Ainsi, comme Velázquez, le psychanalyste crée l’illusion de la réalité en instaurant le Sujet Supposé Savoir, et en même temps donne la réalité de l’illusion avec la dimension de l’objet(a). L’objet constitue l’ouverture dans le plan de vision, celle qui interrompt la relation spéculaire : ouvrir les yeux, c’est se constituer sa propre fenêtre. La fenêtre a une structure de cadre, qui permet d’envisager la dimension de l’infini sans trop d’angoisse. L’action de l’analyste n’est pas celle du rapport spéculaire ; sa position de présence/absence permet de faire apparaître la dimension du Réel. Comme dans Las Meninas, son but n’est pas de tout voir mais de faire apparaître l’énigme en se constituant lui-même comme le support de l’illusion. A ce titre, Las Meninas peut donc être considérée comme une illustration de la division subjective dans l’expérience analytique.
En conclusion de la séance, Lacan va subtilement introduire la place de l’écran de télévision :
« Qu’en opposition, polairement à cette fenêtre où le peintre nous encadre, et comme en miroir, il nous fait surgir ce qui pour nous sans doute ne vient pas à n’importe quelle place, quant à ce qui se passe pour nous des rapports du sujet à l’objet(a), l’écran de télévision[20]. »
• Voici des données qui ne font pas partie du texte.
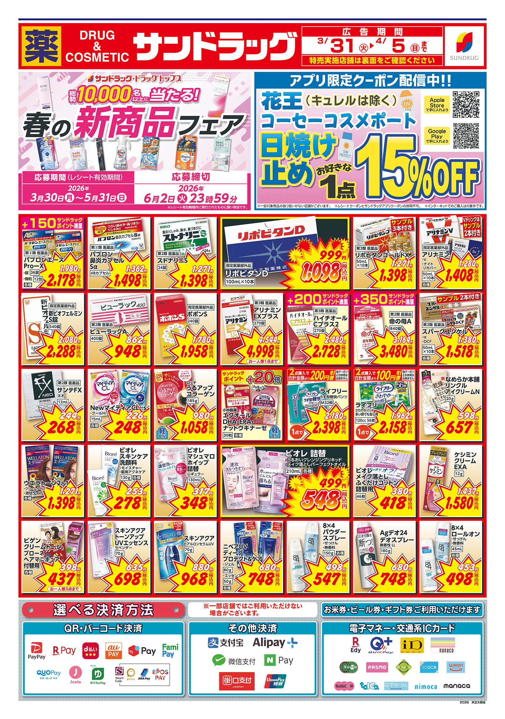 iD、nanaco、楽天Edy、QUICPay+、WeChat Pay、ALIPAY、PayPay、auPAY、クオ・カードペイ、メルペイ、NAVER Pay
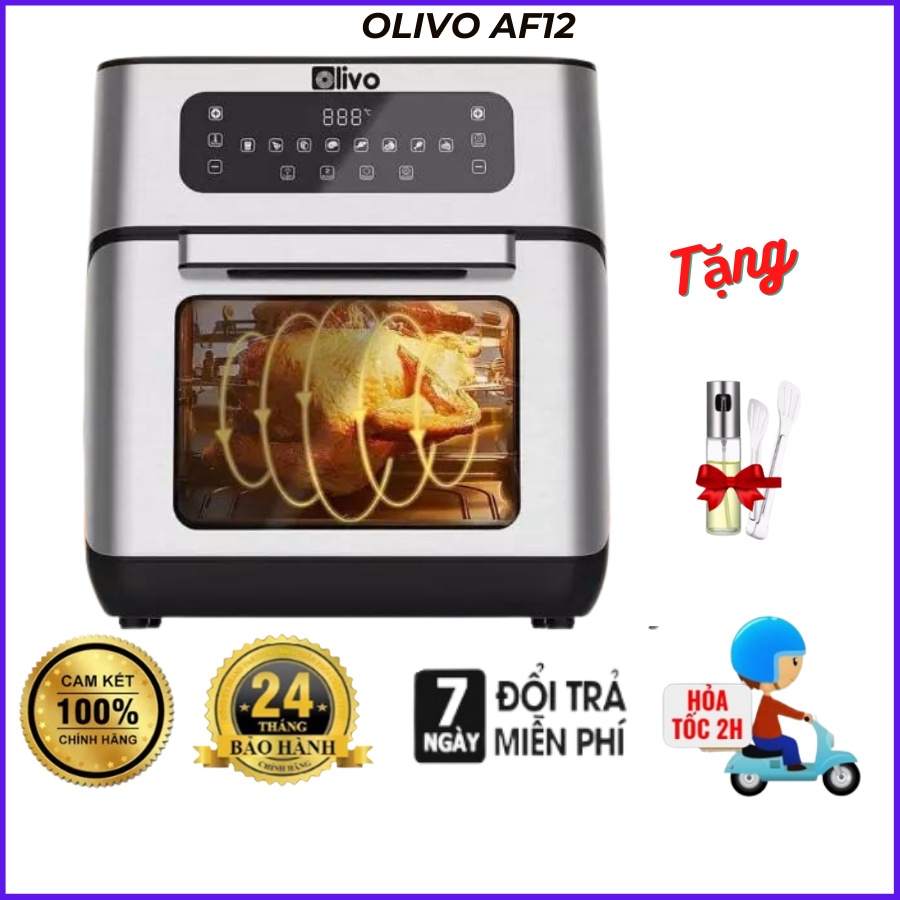 Giới thiệu Nồi chiên không dầu Olivo Af12, bếp chiên không dầu 12L, có trục xoay chiên gà nguyên con, Chính hãng Olivo, Kèm quà
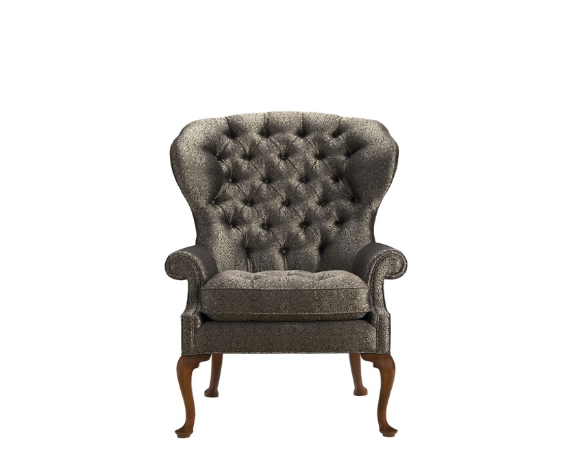 A George II Wing chair from the American manufacturer Baker. The model is widely spread in England 1750 the Frame is made from mahogany wood legs - carved, filler - foam, upholstery - textiles with stitch - Capito. The product is designed for interior with historical design. Color in stock.

Déjà Lacan s’interroge sur le pouvoir des écrans, d’où mon titre Windows, fenêtres, mais aussi le nom du premier « système d’exploitation » (sic…) de notre période connectée. Windows est donc la fenêtre sensée nous proposer le monde à sa façon, de façon virtuelle. Au service du discours capitaliste, c’est l’objet à portée de clic. Internet est une révolution, la connaissance à portée de tous, mais également la jouissance à portée de tous, le fantasme préfabriqué. Peut-être l’omniprésence de la vision qui empêche le regard. La saturation du désir par l’image, mais aussi l’omniprésence des sachants, signifiant qui remplace savants, proposant protocoles à foison pour qu’enfin ce monde tourne rond. Et c’est bien le problème, ce monde qui tourne sur lui-même et que nous retrouvons dans l’écriture topologique du discours capitaliste.
Alors, est-il encore possible d’y voir de sa fenêtre, là où la société prône l’uniformisation des pratiques afin d’obtenir la solution pour tous ? Pour ma part, je dirai combien l’expérience du divan reste une expérience subversive face au monde actuel et au discours capitaliste. Aujourd’hui, exercer la psychanalyse, ou tout simplement s’orienter de son discours, c’est nager à contre-courant. A la Vérité se substitue la perte, à l’idéologie narcissique, la castration. C’est l’absence du tout qui garantit le discours de la psychanalyse, et c’est aussi par ce biais que le symptôme y trouve sa place. En toute logique, l’absence de fixité permet une liberté de mouvement, donc, à défaut d’une guérison (au sens de disparition du symptôme), la psychanalyse peut garantir du changement. La question de la pérennité de notre pratique réside à mon sens dans le fait de maintenir notre subversion, de résister au chant des sirènes, celui de la Vérité-toute, qui en ferait presque oublier que le prix à payer est la vie. Pas la vie organique, mais la vie amputée du désir.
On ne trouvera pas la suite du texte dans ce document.